Every line below from the one with "This paper explores" through the one with "Sinn Féin leader" is to be repeated exactly, with no picture among them.

======

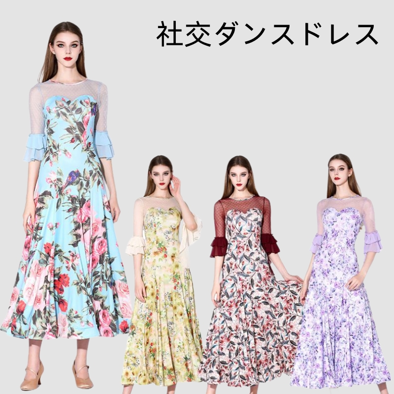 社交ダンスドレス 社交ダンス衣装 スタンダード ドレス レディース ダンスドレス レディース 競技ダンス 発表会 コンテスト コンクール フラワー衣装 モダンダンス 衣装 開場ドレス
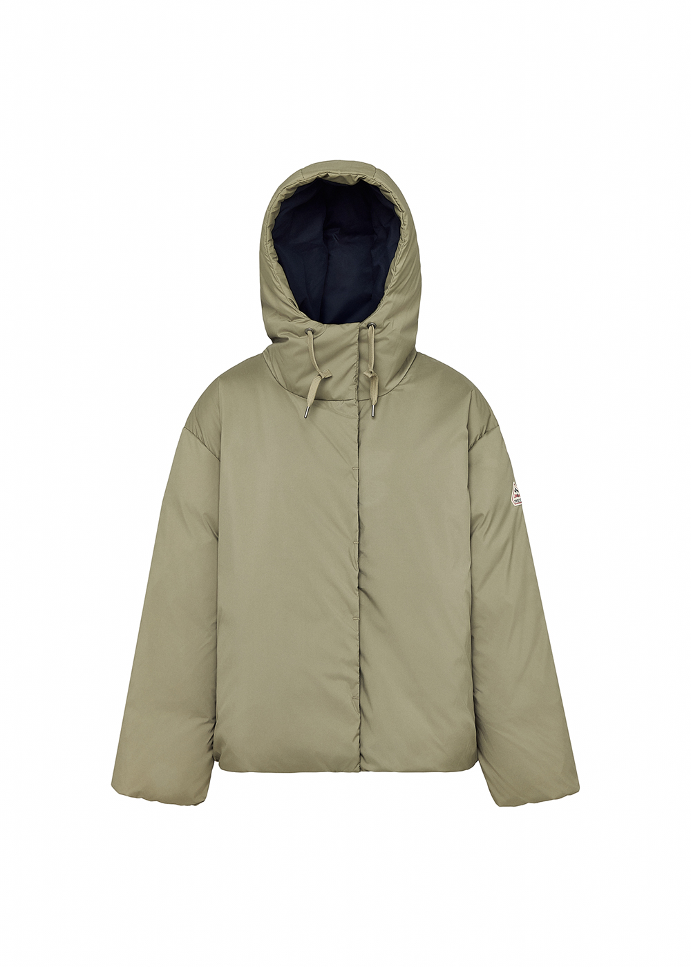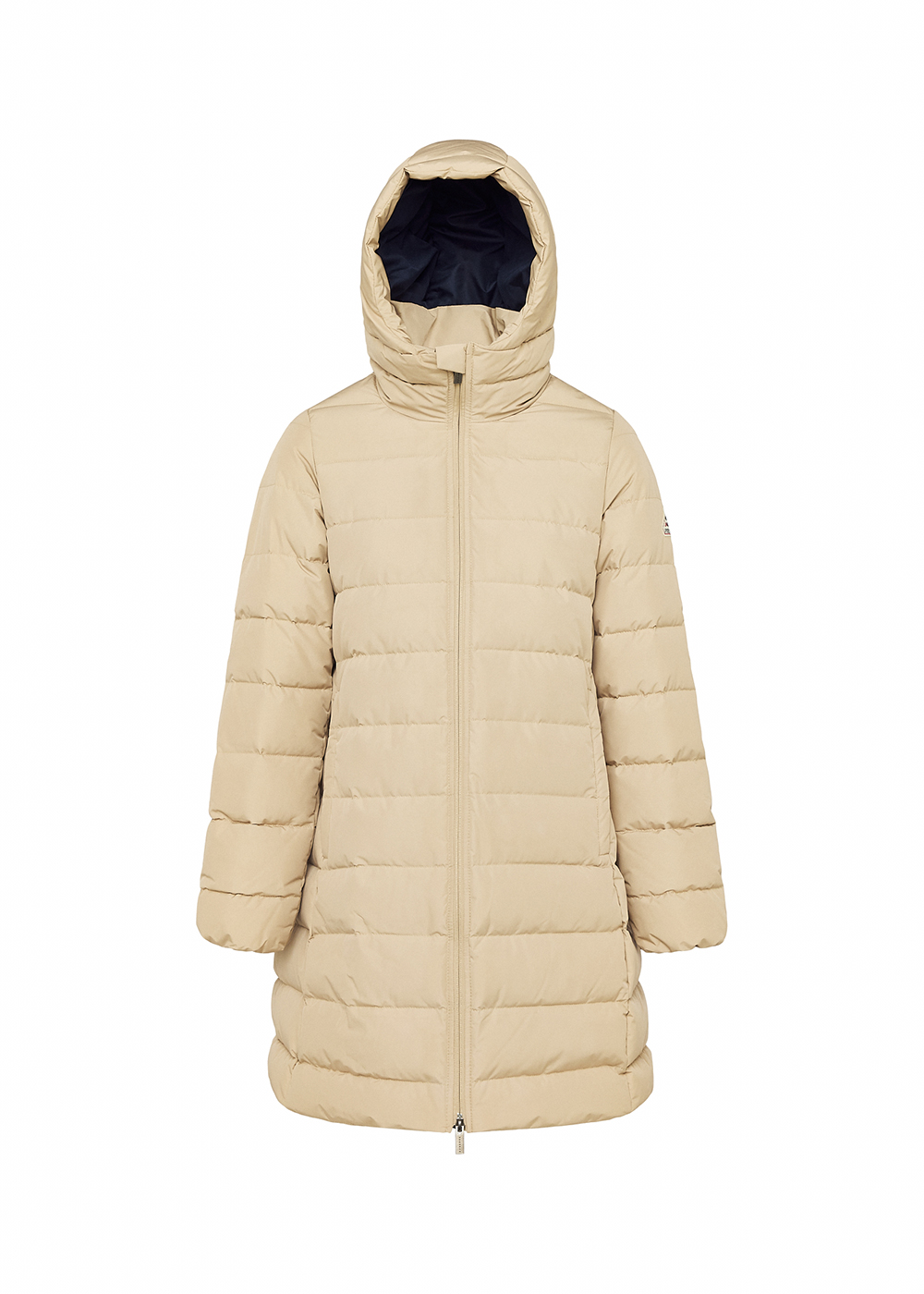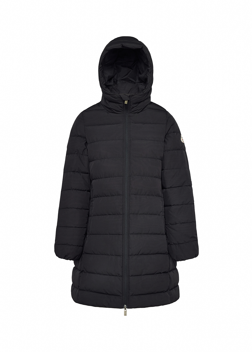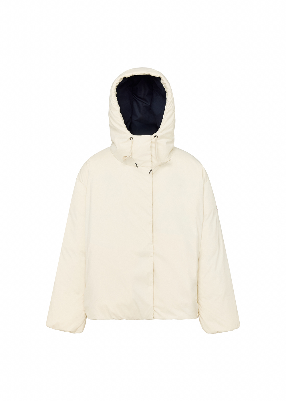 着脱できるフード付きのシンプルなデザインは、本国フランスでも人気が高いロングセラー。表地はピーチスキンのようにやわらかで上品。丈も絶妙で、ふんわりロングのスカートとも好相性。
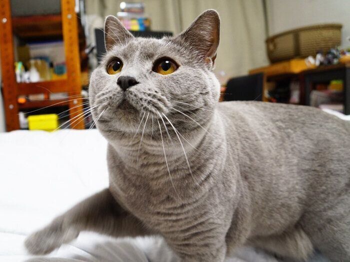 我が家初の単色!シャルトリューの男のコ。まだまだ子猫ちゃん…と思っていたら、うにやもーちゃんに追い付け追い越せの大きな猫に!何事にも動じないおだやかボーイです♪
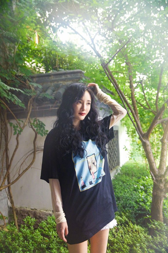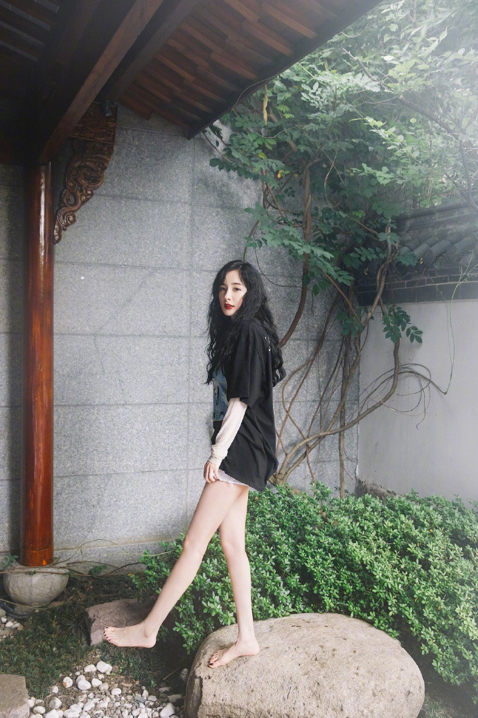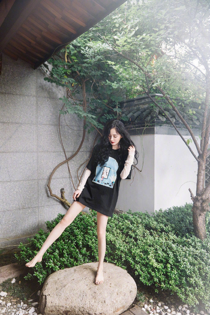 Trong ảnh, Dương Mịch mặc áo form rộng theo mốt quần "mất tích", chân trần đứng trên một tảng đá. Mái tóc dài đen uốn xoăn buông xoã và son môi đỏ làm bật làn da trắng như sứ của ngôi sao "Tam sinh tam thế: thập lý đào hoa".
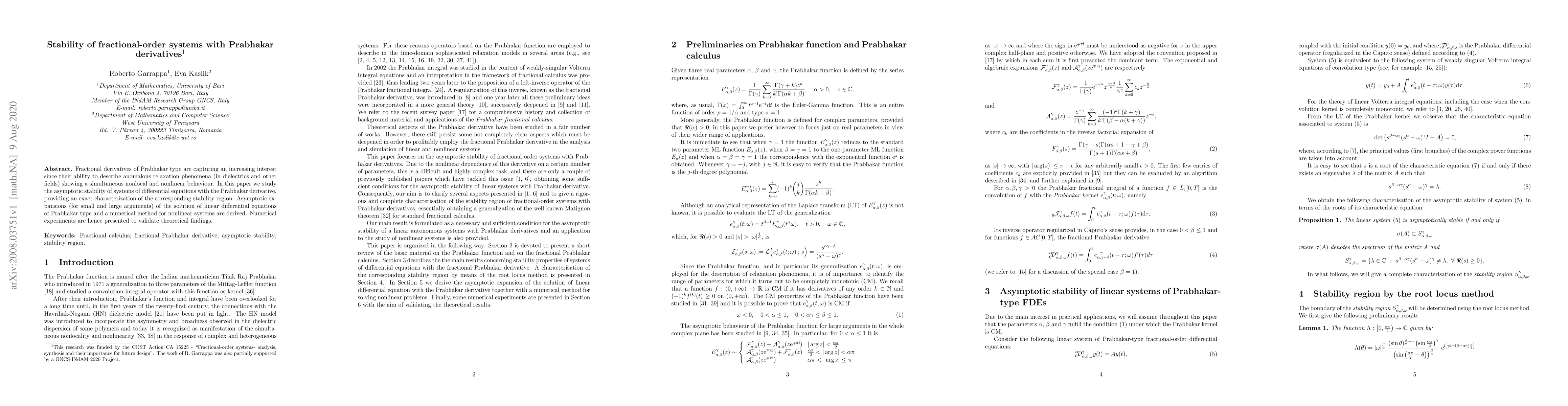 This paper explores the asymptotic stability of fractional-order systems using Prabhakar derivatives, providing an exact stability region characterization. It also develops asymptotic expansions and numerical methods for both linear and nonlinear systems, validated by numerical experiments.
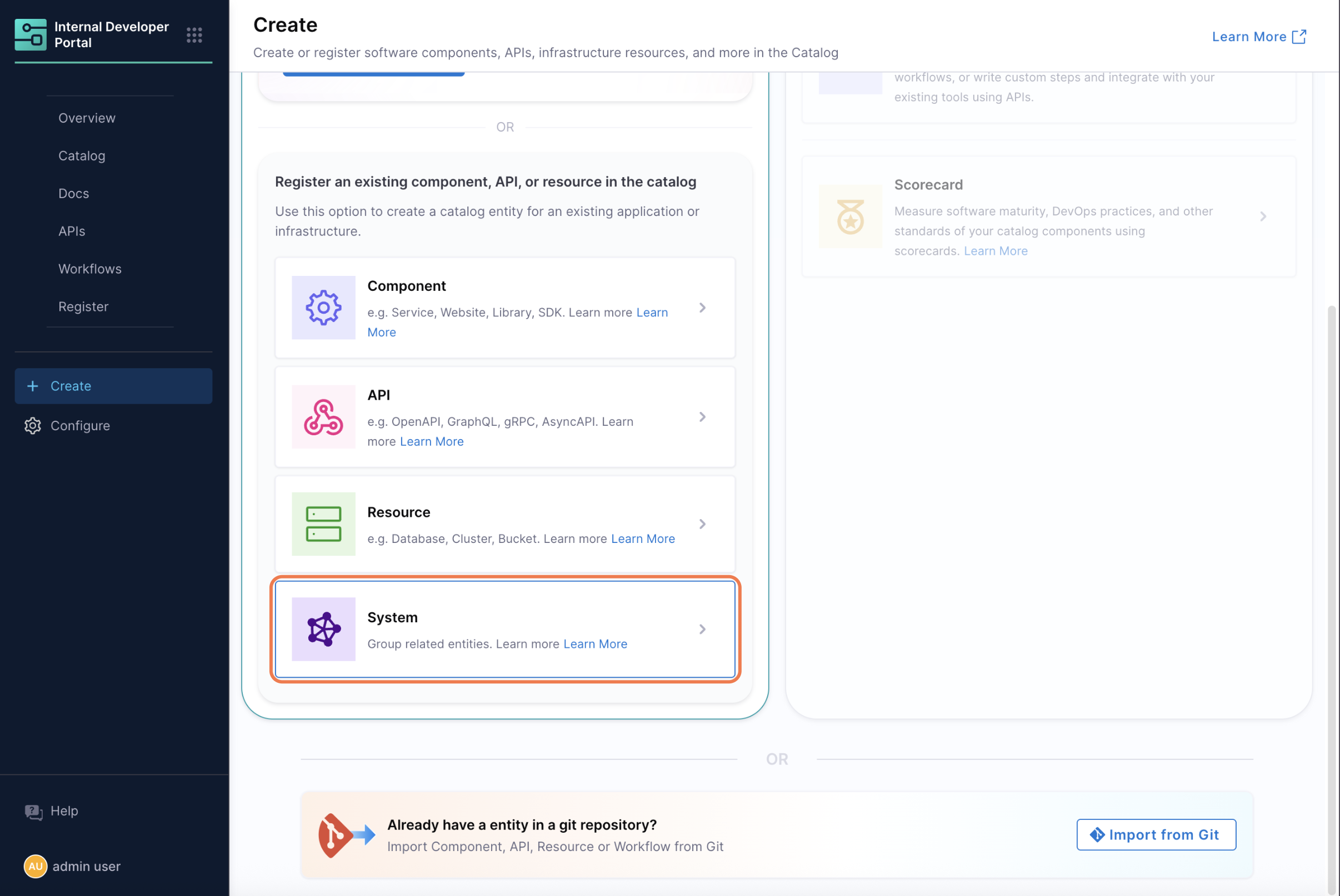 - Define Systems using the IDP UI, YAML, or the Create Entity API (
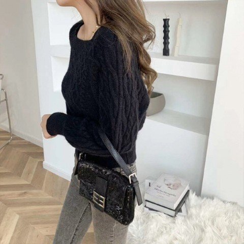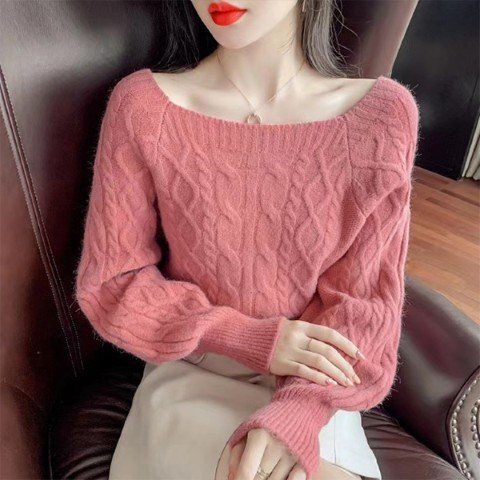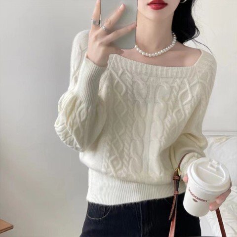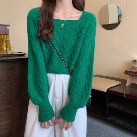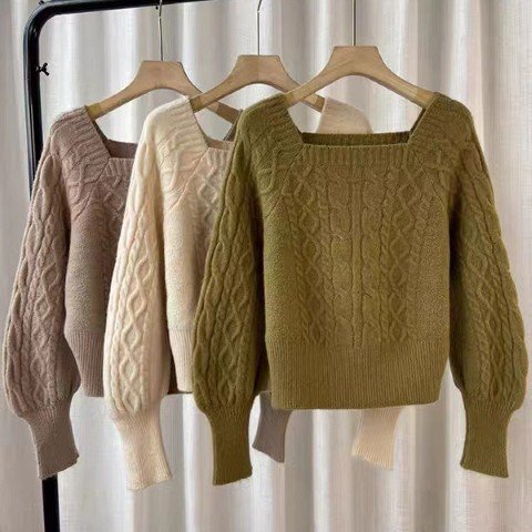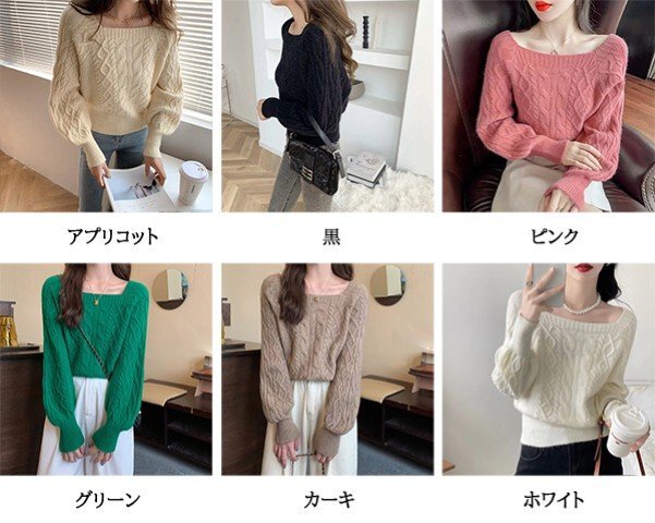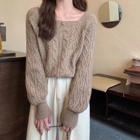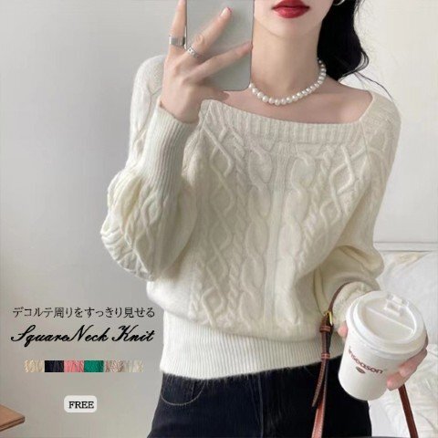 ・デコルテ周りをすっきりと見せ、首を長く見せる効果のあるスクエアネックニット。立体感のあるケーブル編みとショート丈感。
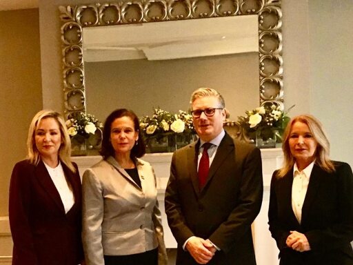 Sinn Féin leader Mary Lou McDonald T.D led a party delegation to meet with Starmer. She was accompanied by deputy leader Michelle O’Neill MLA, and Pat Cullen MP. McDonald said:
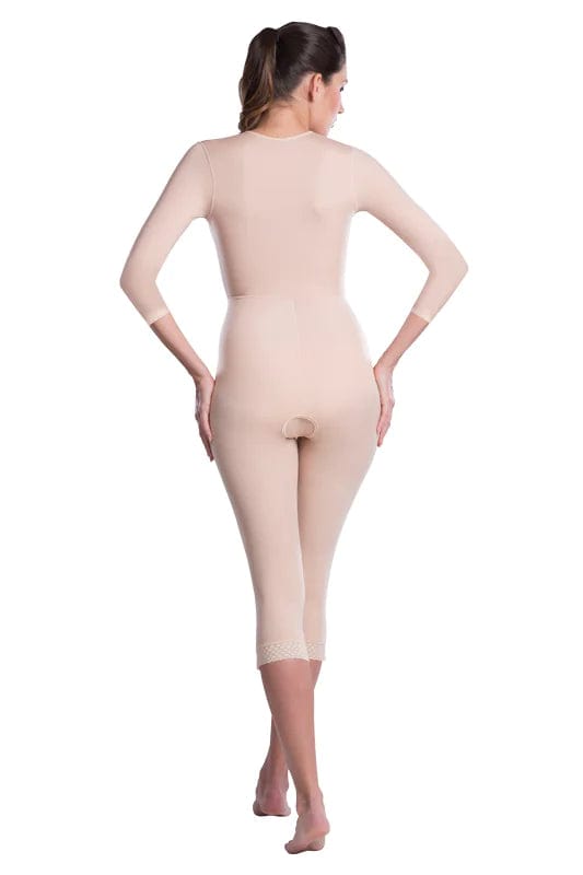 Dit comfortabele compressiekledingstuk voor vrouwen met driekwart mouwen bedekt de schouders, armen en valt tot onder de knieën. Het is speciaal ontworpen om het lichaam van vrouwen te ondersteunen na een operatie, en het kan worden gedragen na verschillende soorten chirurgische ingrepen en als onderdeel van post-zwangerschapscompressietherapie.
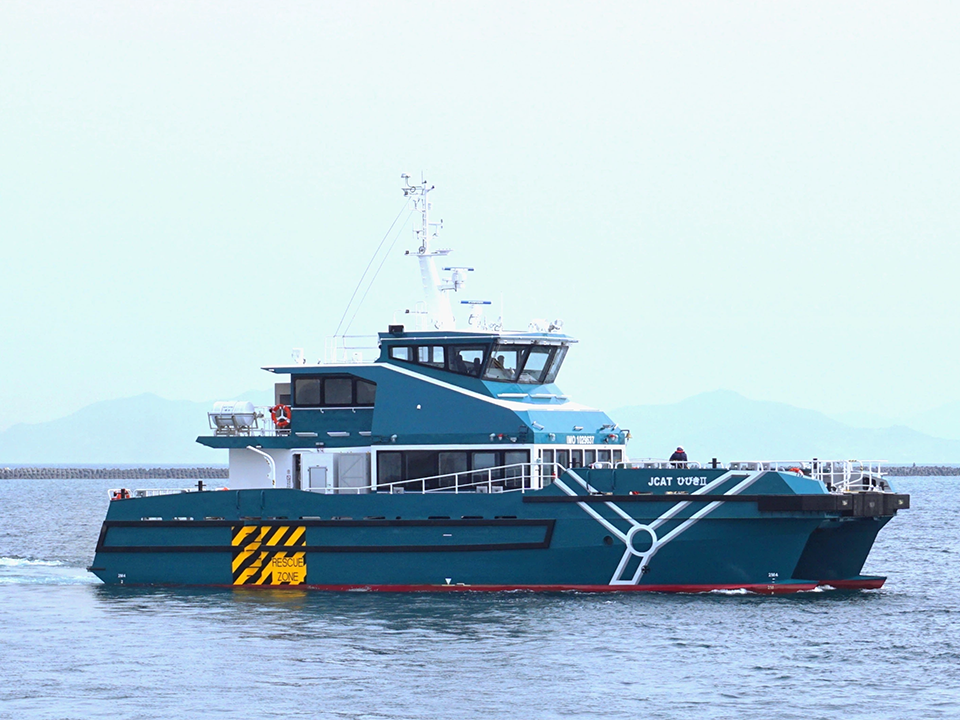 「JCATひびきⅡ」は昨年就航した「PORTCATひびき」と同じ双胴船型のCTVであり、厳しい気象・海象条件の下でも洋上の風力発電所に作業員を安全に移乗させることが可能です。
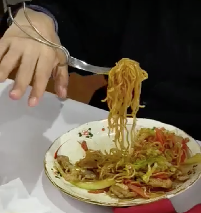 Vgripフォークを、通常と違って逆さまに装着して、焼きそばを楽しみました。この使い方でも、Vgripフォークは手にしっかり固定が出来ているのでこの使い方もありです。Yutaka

======

▸ The answer
 This paper explores the asymptotic stability of fractional-order systems using Prabhakar derivatives, providing an exact stability region characterization. It also develops asymptotic expansions and numerical methods for both linear and nonlinear systems, validated by numerical experiments.
 - Define Systems using the IDP UI, YAML, or the Create Entity API (
 ・デコルテ周りをすっきりと見せ、首を長く見せる効果のあるスクエアネックニット。立体感のあるケーブル編みとショート丈感。
 Sinn Féin leader Mary Lou McDonald T.D led a party delegation to meet with Starmer. She was accompanied by deputy leader Michelle O’Neill MLA, and Pat Cullen MP. McDonald said:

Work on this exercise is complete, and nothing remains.